No clear owner. AI implementation without an internal champion who understands both the development workflow and the technical tooling tends to drift. Tools go unused. Junior staff don't trust outputs. Adoption dies.

Where to Start: The Highest-ROI Workflows

Not all workflows are equal entry points. The best starting places are data-intensive (AI has the most to contribute) and currently time-consuming (time savings are visible and measurable).

Market analysis and rent comps. AI can aggregate deal comps, absorption data, vacancy trends and new supply pipeline from multiple sources in minutes rather than days. This is the fastest workflow to show visible time savings. It doesn't require deep workflow integration — the output is a document.

Document review. PSAs, LOIs, title reports, environmental documents and loan agreements all contain structured data that can be extracted automatically. Hebbia and FifthDimension are the category leaders for CRE-specific document workloads. A 40-hour manual review becomes a 2-hour exception-review process.

Site screening. For development teams evaluating multiple sites against fixed criteria, AI-assisted screening reduces the time from sourcing to shortlist significantly. The criteria set is developer-defined; the AI handles the data aggregation.

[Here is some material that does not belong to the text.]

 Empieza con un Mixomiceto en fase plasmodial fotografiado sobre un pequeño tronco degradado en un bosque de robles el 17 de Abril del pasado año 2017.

These three workflows are the right starting sequence for most enterprise development teams. They are bounded, measurable and don't require full systems integration to deliver value.

Sequencing Deployment

After the first three workflows are embedded, expand in this order:

  1. Pro forma and underwriting support. Once market data inputs are automated, connecting them to the pro forma is the logical next step. AI handles assumption population and scenario modeling; the development team reviews and adjusts.

  2. Due diligence workflow. A consistent DD checklist with AI-assisted document extraction and cross-referencing reduces the risk of exceptions being missed on compressed timelines.

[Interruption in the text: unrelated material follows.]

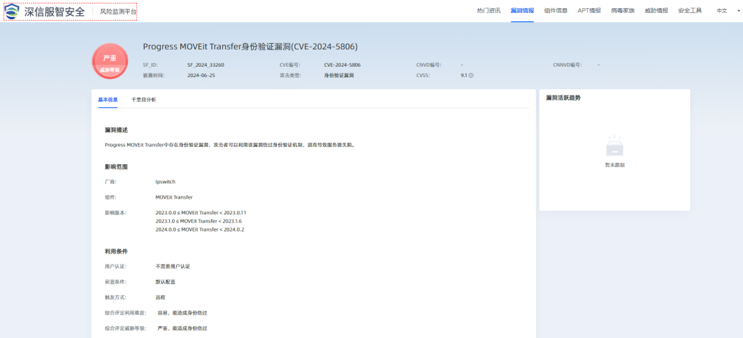 深瞳漏洞实验室监测到Progress MOVEit Transfer身份验证漏洞信息。

  3. Pipeline reporting. AI can assemble portfolio-level status reports from project management data, flagging budget variances, milestone slippage and regulatory delays automatically.

  4. Investment committee preparation. AI-assisted IC memo preparation (market context, financial summary, risk section) is achievable once the upstream data workflows are in place.

Build vs. Buy

Almost always: buy for the underlying AI capability, build for workflow integration.

Foundation models (GPT-4o, Claude, Gemini) are accessible via API and are not a differentiator. What differentiates AI delivery in CRE is the workflow layer: how domain-specific the prompts are, what data sources are connected and how outputs are structured for developer workflows.

Building proprietary models is expensive, slow and unnecessary for most development teams. For complex, multi-step development workflows that cut across data sources and document types, an embedded AI partner — a firm that deploys agentic infrastructure inside your workflow rather than selling you another platform license — typically delivers faster value than SaaS.

What to Measure

Set three metrics before you start:

Time-to-output for the specific workflow. If a market study previously took five days and now takes one, that's measurable. Track it.

Error rate on extraction tasks. For document review, track the rate at which AI-extracted data points are corrected by human review. This should improve over time as prompts are refined.

Deal velocity. At the portfolio level, the right question is whether AI-assisted underwriting is compressing your time from site identification to IC submission. This is the metric that maps directly to competitive advantage.

Change Management Is Not Optional

The most common failure mode in enterprise AI deployment is not technical. It's cultural. Junior analysts who feel their role is being automated tend to underuse or undermine AI tools. Senior leaders who don't demonstrate active use send a signal that the tools don't matter.

Frame it correctly: AI tools in development workflows remove the repetitive data work, not the judgment. The analysis of a site's power constraints still requires an expert. What changes is how long it takes to assemble the inputs. Frame it that way and adoption follows.

The firms that compound the AI advantage treat deployment as an ongoing operational practice, not a one-time technology project.